Vieitas spent 13 years serving in Mozambique and Spain. He says the old model of raising support can be tough, especially on families.

“I remember being so concerned about raising funds as a missionary,” said Vieitas. “We had so little, and what little we had, we shared with the Mozambican missionaries.”

Now, he’s leading a national push for churches to encourage missionaries to work regular jobs while also serving in ministry. The goal? Make missions smarter, more sustainable, and more effective.

“I’ve returned to Brazil now from the field to mobilize our churches for this new vision,” said Vieitas. “My goal is to spend the next several years raising a new generation of Brazilian missionaries who can be more effective in the field.”

That includes reaching for tough territory, even in places like Europe.

“No, Europe is not dead, we are just getting started,” insisted Rebeca Teixeira, a Brazilian Missionary to Europe.

Teixeira is part of this new generation. With the Brazilian Foursquare church, her family has planted churches in Portugal for years. 

Now, she travels across the continent, encouraging young believers to reclaim Europe for Jesus.

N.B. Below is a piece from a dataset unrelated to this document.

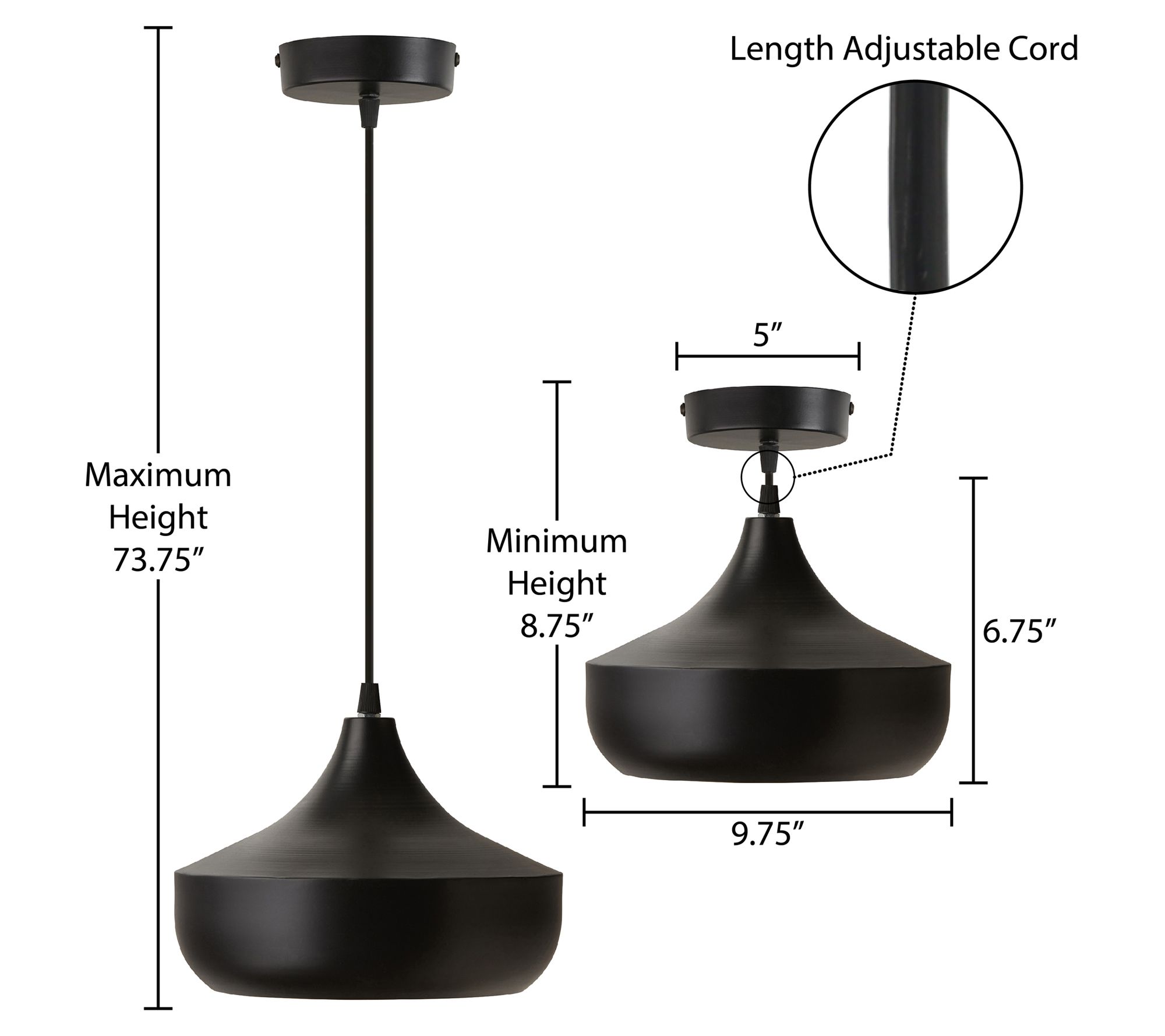 • Measures approximately 9.75"Diam x 8.75"H to 73.75"H; Cord 65"L

“My heart is to empower and encourage these young leaders wherever they are, if it’s in Portugal, Sweden, Denmark, Germany, I don’t care, a place is just a possibility to see the action of God,” Teixeira told CBN News. “This is what South Americans really think of: legacy, enduring, lasting, legacy throughout families and generations.”

In 2020, Brazil made history when 140,000 young people packed three stadiums for The SEND, a 12-hour rally to mobilize a new wave of missionaries. Nearly two million more joined online.

One of the most powerful moments came as tens of thousands of Brazilians lifted their shoes in the air as a symbolic pledge to take the Gospel to the nations.

“Missions is done in the following way: It is with the hands of the ones that give, the knees of the ones that pray, and with the feet of the ones that go,” said Teixeira.

From coffee shops in Asia to churches across Europe, this new wave of Brazilian missionaries being trained to work bi-vocationally is blazing a path not just about passion, but about sustainability as they carry Christ to the nations.